You're missing the forest for the trees, mate. Ad supported doesn't necessarily mean bad journalism. There might always be a conflict of interest there, but that model worked decently fine for many,any decades.

You need to learn about the Fairness Doctrine.

This was a broadcast rule that essentially forced news outlets in the US to air both sides of a story in as unbiased as a way as reasonably possible. If you know your history, you won't be surprised that the Fairness Doctrine was thrown out in the 80s under the Reagan administration.

People complain about Citizens United being an awful decision that was greatly impacted the way government works, and I agree, but the end of the Fairness Doctrine was also a huge step in the fascist future that Republicans have been pushing toward for decades now.

https://en.m.wikipedia.org/wiki/FCC_fairness_doctrine#:~:text=The%20fairness%20doctrine%20of%20the,that%20fairly%20reflected%20differing%20viewpoints.

[–] BeautifulMind 2 points 1 year ago

Folks got to pay for news to get good news.
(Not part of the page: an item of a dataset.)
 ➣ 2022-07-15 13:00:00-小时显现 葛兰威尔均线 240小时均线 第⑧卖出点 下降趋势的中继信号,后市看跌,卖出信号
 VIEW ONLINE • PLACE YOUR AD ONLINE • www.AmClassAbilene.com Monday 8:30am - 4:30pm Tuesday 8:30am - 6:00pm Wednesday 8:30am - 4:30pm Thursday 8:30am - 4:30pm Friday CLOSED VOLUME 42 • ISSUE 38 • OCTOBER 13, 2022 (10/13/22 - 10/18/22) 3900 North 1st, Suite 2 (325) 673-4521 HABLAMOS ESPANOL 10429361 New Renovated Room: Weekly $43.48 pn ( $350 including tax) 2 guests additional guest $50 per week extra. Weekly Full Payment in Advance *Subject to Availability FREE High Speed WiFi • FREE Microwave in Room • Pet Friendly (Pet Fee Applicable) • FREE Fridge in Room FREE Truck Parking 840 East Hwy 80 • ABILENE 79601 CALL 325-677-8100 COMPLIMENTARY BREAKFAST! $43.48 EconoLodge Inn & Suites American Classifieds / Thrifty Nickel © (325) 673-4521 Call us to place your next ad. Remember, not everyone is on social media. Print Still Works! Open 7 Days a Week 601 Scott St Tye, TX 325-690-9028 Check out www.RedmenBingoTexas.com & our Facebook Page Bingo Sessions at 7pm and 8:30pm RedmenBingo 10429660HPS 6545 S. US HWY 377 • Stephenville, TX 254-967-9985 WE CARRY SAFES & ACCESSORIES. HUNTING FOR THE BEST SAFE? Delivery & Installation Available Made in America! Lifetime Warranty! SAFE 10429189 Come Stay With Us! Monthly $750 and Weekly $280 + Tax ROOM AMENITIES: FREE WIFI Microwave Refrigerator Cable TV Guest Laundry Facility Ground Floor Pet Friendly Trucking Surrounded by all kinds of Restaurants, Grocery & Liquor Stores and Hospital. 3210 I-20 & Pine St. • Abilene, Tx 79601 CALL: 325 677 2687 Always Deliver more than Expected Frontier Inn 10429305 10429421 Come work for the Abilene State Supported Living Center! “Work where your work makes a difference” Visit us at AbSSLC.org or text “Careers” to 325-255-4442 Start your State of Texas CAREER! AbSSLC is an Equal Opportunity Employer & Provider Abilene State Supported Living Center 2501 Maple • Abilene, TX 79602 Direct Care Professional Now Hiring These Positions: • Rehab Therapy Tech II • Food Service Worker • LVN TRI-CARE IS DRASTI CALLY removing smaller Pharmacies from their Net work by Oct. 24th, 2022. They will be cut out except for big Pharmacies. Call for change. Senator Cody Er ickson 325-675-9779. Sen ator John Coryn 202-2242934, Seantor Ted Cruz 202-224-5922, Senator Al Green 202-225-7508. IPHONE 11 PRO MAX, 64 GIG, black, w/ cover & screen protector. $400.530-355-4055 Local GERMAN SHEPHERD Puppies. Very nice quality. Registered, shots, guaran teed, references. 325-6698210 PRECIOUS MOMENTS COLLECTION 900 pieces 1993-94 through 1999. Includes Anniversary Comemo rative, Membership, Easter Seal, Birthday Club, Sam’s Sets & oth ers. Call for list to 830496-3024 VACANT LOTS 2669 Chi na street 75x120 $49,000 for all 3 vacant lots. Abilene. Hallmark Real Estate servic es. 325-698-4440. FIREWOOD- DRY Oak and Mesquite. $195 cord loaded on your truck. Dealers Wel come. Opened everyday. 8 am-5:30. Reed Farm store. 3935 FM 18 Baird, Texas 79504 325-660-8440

Unfortunately, partisan propaganda and outright disinformation is free, while factual and informative news tends to be behind paywalls

This has a way of segregating people that don't have discretionary money to subscribe to news services into epistemic bubbles, and the bubble dwellers' votes count for just as much as everybody else's. In a democracy, you really do need voters in general to be informed and unfortunately, not everybody in the media/politics sphere wants everybody to be informed and some folks in there just want people indoctrinated into their way of thinking.